I am an ex-professional footballer who is battling depression. I decided to document my experiences in a blog to help raise awareness of mental health issues in professional sport. Feedback is appreciated, good or bad. Thanks.


https://howfootballruinedmylife.word...a-down-period/

----------


## Suzi

I have approved this posting. 


Welcome to DWD. I thought your blog was really good! Thank you for sharing.

----------

Angie (03-06-15),Paula (03-06-15)

----------


## Howfootballruined

Thank you very much Suzi. Hopefully others can relate to my battles.

----------

Suzi (04-06-15)

----------


## rose

Welcome to DWD  :(hi):

----------


## Paula

Hi and welcome  :(hi): . Your blog post is brilliant and I know many members here, including me, will relate to it very much.  Please don't answer if you feel you can't right now, but I was wondering how football ruined your life?

----------


## Howfootballruined

> Hi and welcome . Your blog post is brilliant and I know many members here, including me, will relate to it very much.  Please don't answer if you feel you can't right now, but I was wondering how football ruined your life?


Thank you for the feedback.

I don't mean it in a literal sense but my experiences as a player contributed to my mental health deteriorating over a long period of time. I just thought it sounded like a good title for a blog. My life is still defined by what I did many years ago.

----------


## purplefan

Been reading it and thought it very good. I am pleased you are taking anti depressants and getting counselling. I hope your wife is reclining support as it will be tough on her also. 
Football is not a good sport for recognizing depression. Gary speed 1 case in point.  Might be a good idea to contact football clubs to see if they have anything on how to tackle depression in youngsters.

----------


## Howfootballruined

https://howfootballruinedmylife.word...ife-too-short/

My new blog reveals my position and the reasons why I felt I needed to. Feedback as always is appreciated, good or bad.

----------


## Howfootballruined

https://howfootballruinedmylife.word...6/rock-bottom/

----------


## rose

Hiya, I just read your blog post, there were times I thought I had hit rock bottom, and unfortunately yes it can get worse. Are you getting any support from your doctor/care team right now? Please, make a nuisance of yourself to whoever is involved in your care to get some help.

----------


## Paula

Please, please see your Dr. It may be you need a meds review, you may need more support.  There is always a way up from rock bottom

----------


## Suzi

I hope you've got the help you need.

----------


## Forever Autumn

I have just read your blog entries. I commend you for your honesty and openness. You are very articulate, and write well.

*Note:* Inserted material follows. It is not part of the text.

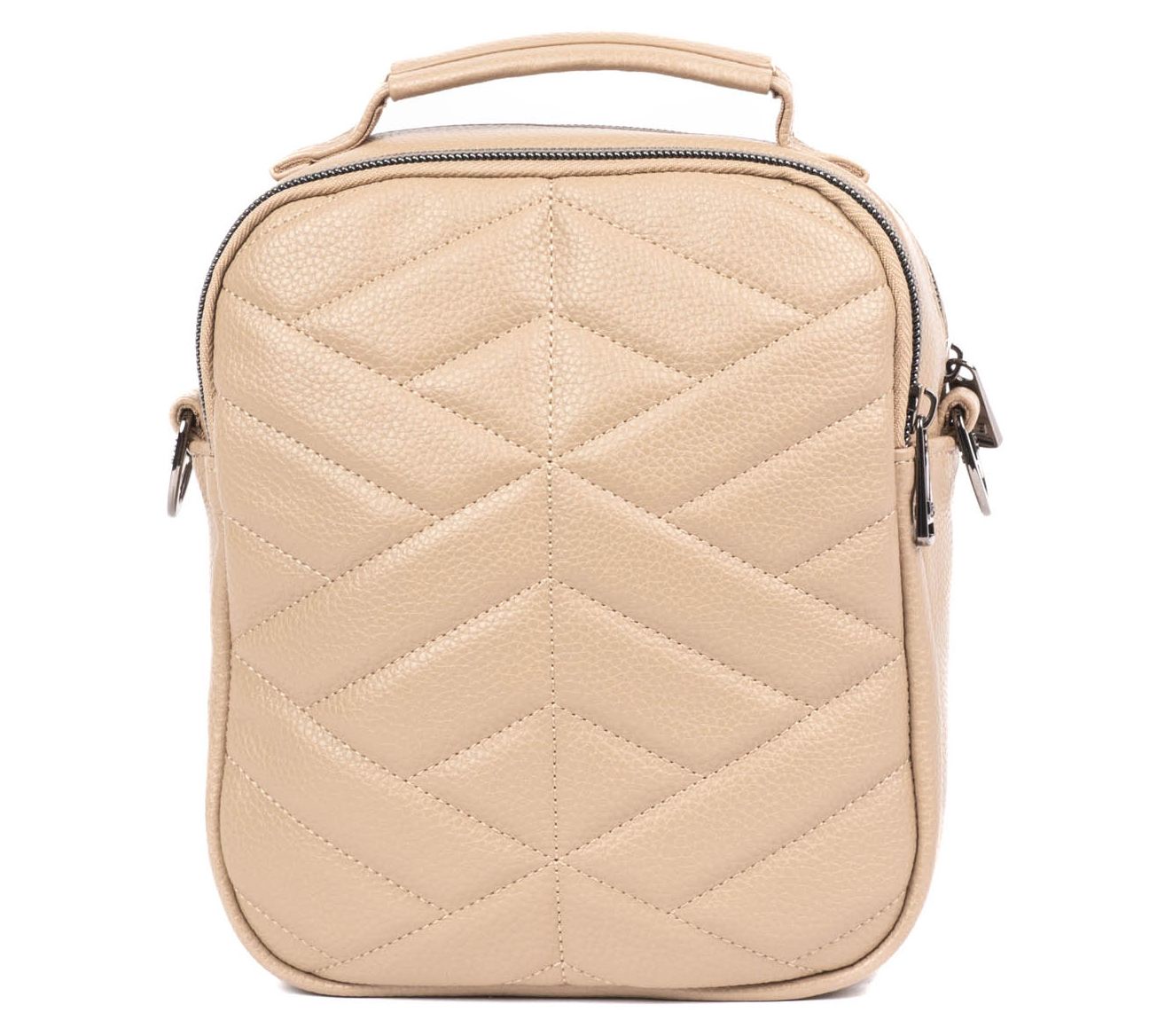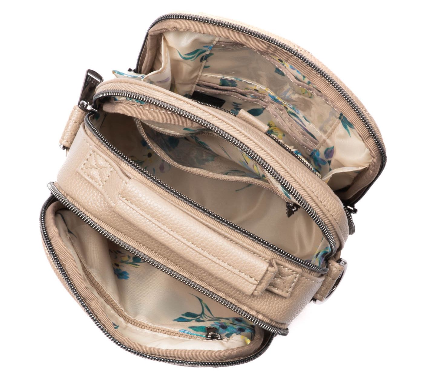Exterior features main zipper compartment, top zipper pocket, RFID protected front zipper pocket, back belt loops to convert to belt bag

I am very sorry that you are feeling so low. I have thankfully never been anywhere near as low as you are, and it sounds a very dark and scary place to be. I admire your courage in putting your deepest thoughts out into the public arena.

I was thinking after I read your blog how much it reminded me of Clarke Carlisle's story (I read his autobiography), and the book about the German player you mentioned. It struck me as very sad that people define themselves by their success (or perceived lack of). I have spent much of my life feeling like a failure, as I didn't do very well at school as I am not academic, and feel I don't have many talents in areas where success can be measured.  I struggled at work, always thinking that I wasn't doing as well as I should be. I had to leave work many years ago after struggling on with ME/CFS, until my body couldn't do it any more, and I also crashed mentally, though not nearly as badly as you Have. Both my long-term relationships have failed, one of them last year, and I often look back and think I don't feel my life has exactly been a roaring success! My life circumstances at the moment, and in the future, are looking pretty bleak at the moment, and I am scared to death about how I'm going to manage financially, and emotionally as my family will be moving away within the next year or so, and thinking about that breaks my heart. I can't see the way ahead at the moment, and have never felt so vulnerable.

I didn't write this to offload my woes, but to explain where I am coming from. I fortunately have a strong faith, and I think that's all that's keeping me from falling into total despair. I have come to realise that success, as the world defines it, counts for very little. It is the person you are that matters, how you live and love, and help others along the way. I can tell that you are a very strong person for having carried on until you reached your breaking point, and you are very brave for writing down your thoughts for all to see, I don't think I'd have the courage to do that.

Many of us reach a point in our lives where what we used to do/be doesn't  work any more. It's a very scary place to be, but it can be an opportunity to learn and grow, and potentially have a more fulfilling future as we mature into the person we were meant to be, when parts of us are stripped away, to reveal something better and stronger. I don't want to come across as preachy and having all the answers; I know that I have a very long way to go to become the person I was made to be. I do know that God completely loves and accepts me where I am now, and that He is always with me, gently encouraging me and growing me, and loving me unconditionally, much more than I can get my head round. In my darkest moments I can still feel very alone, but deep down I know that I'm not. There is a beautiful poem called "Footprints", which gives me a lot of comfort.

I haven't posted on here for ages, because due to my ME I find it quite draining to put my thoughts into a cohesive form, so try to conserve my energy for the things I have to do.I truly hope and pray that you find your way out of the dark, painful place you are in, and wish you a brighter, happier future, though that might seem impossible to imagine now.

----------



----------


## Howfootballruined

A lesson learnt. Depression never leaves you.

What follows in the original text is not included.